Experimental program
Comparison scheme
Effect test

example 1

[0051]Various carbon dioxide regulators, specifically organic carbonates, were tested to determine whether they could be activated by water vapor alone and without an organic acid present. The results shown in FIG. 7 illustrates that water vapor activates CO2 production from organic carbonates by hydrolysis and an organic acid is not necessary.

example 2

[0052]A variety of liner materials were tested to determine the effect of the permeability of the liner material on the rate of CO2 production. A mixture of sodium bicarbonate and citric acid was sealed in a pouch suspended above 25 mL of water in a sealed bottle. The pouches were fabricated from three different materials with different permeabilities to moisture: a paper tea bag, polylactic, acid and polyethylene. The results in FIG. 8 demonstrates that a very low moisture barrier allows the most rapid rate of CO2 generation and the higher moisture barrier provided by the polyethylene provides the slowest rate. Thus, a moisture barrier material between the carbon dioxide regulator composition and the carbonated beverage can be used to control the rate of CO2 production.

example 3

Sorbent CO2 Saturation and Release

[0053]Various carbon dioxide generators, in particular sorbent materials, were tested to determine their capacity to store and release CO2 under high pressure and to thereby extend the shelf-life of a carbonated beverage.

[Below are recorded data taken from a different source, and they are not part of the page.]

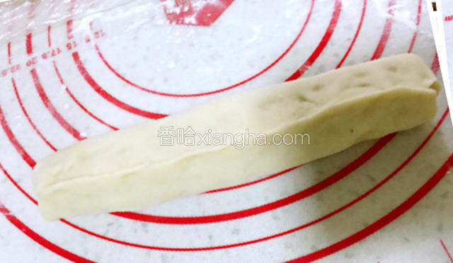 2.取一个小面团擀成长方形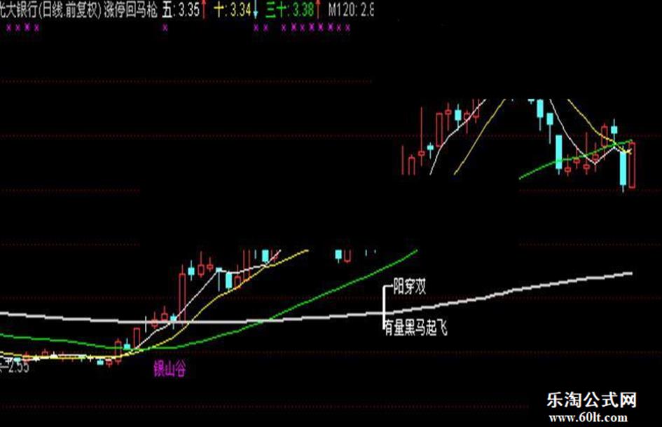 STICKLINE(涨停,OPEN,CLOSE,3.8,0),COLORMAGENTA; {K线实体部分画洋红色,宽度为2,画实线实心柱}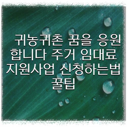 귀농귀촌 꿈을 응원합니다 주거 임대료 지원사업 신청하는법 꿀팁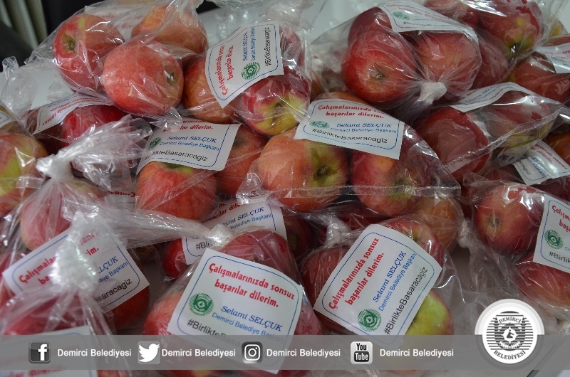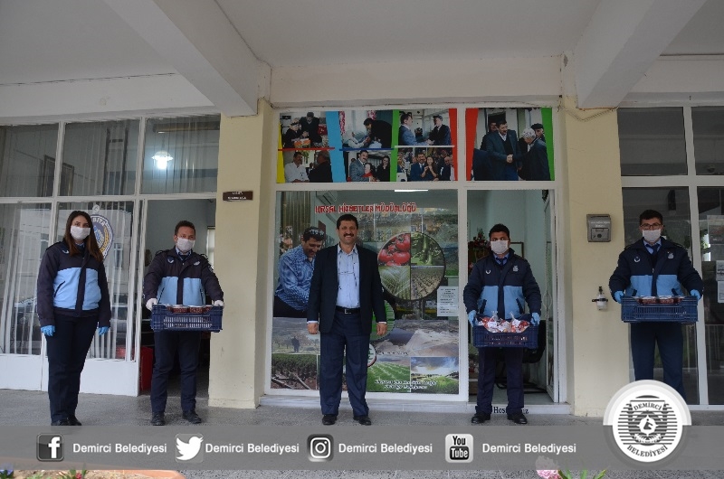 Belediye Başkanı Selami Selçuk yaptığı açıklamada " İnsanlığın korona virüs ile yaptığı amansız mücadelede Demirci cephesinde ön safta mücadele eden sağlık çalışanlarımıza bağışıklığını güçlendirmek, hem de onlara teşekkür edebilmek için şifalı hünnap meyvemizden ayrıca organik elmadan hazırlayarak dağıttık. Tüm sağlık çalışanlarımıza teşekkür ediyoruz emekleri için " dedi.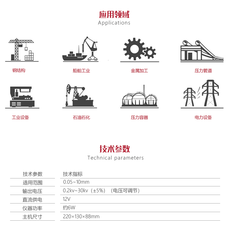 儀器特點適用于不同厚度的搪玻璃、玻璃鋼、環氧煤瀝青和橡膠襯里等涂層的質量檢測;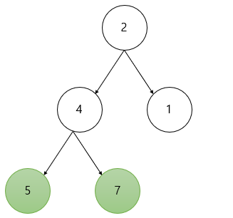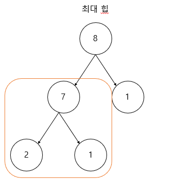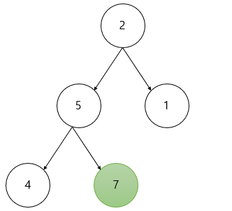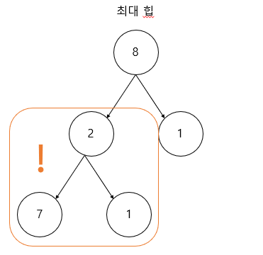 그런데 힙 구조 안에서 특정 노드 때문에 최대 힙 구조가 붕괴되는 경우가 있다. 다음과 같은 경우이다. (7과 2 때문에 최대 힙 구조가 붕괴되었다.)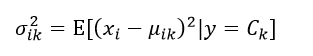 这里一共有2nK个参数,这些参数都需要独立的去估计。估计的方法仍然可以采用极大似然估计。均值μik的极大似然估计为: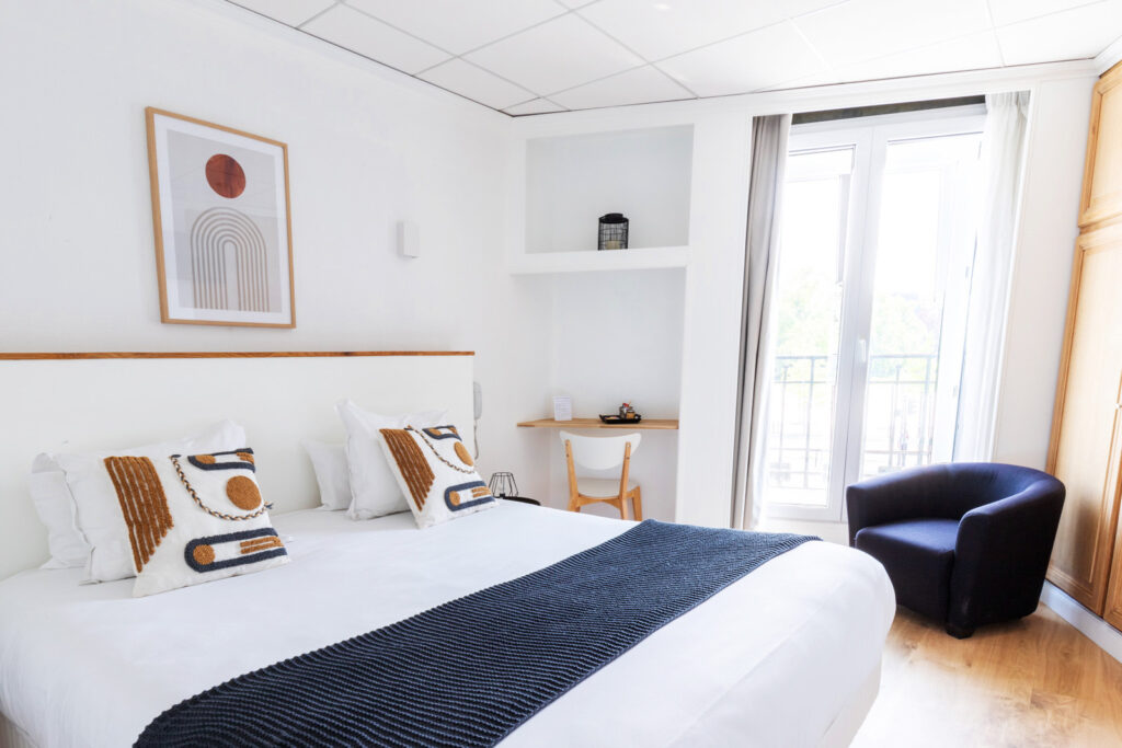 Une chambre double supérieure, plus spacieuse, accueille 2 personnes dans un cadre élégant et raffiné. Idéale pour un week-end romantique ou un séjour tout en confort, elle séduit par son espace généreux et son ambiance cosy propice à la détente.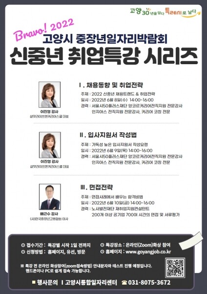 사전 신청은 고양시 중장년일자리박람회 홈페이지에서 가능하며 신청자에 한해 화상회의솔루션 참여 안내문자를 발송할 예정이다.

The selected sorbent materials were first saturated under a high pressure CO2 environment. The sorbent materials were then placed into 20 oz bottles and the bottles were rapidly carbonated with dry ice and capped. The molecular sieves were obtained from commercial sources and either used as received or dried by heating under vacuum. The 13X molecular sieve discussed below was obtained from the Aldrich Chemical Company and either used as received or dried under vacuum prior to use. The rate of CO2 loss from the bottles was recorded over time. The results are shown below in Table 3:

TABLE 3Summary of the CO2 Saturation Experiments% Shelf-LifeSampleImprovementControl Bottles (no saturated additives)—Bottles w / 8416 saturated film32.6%Bo...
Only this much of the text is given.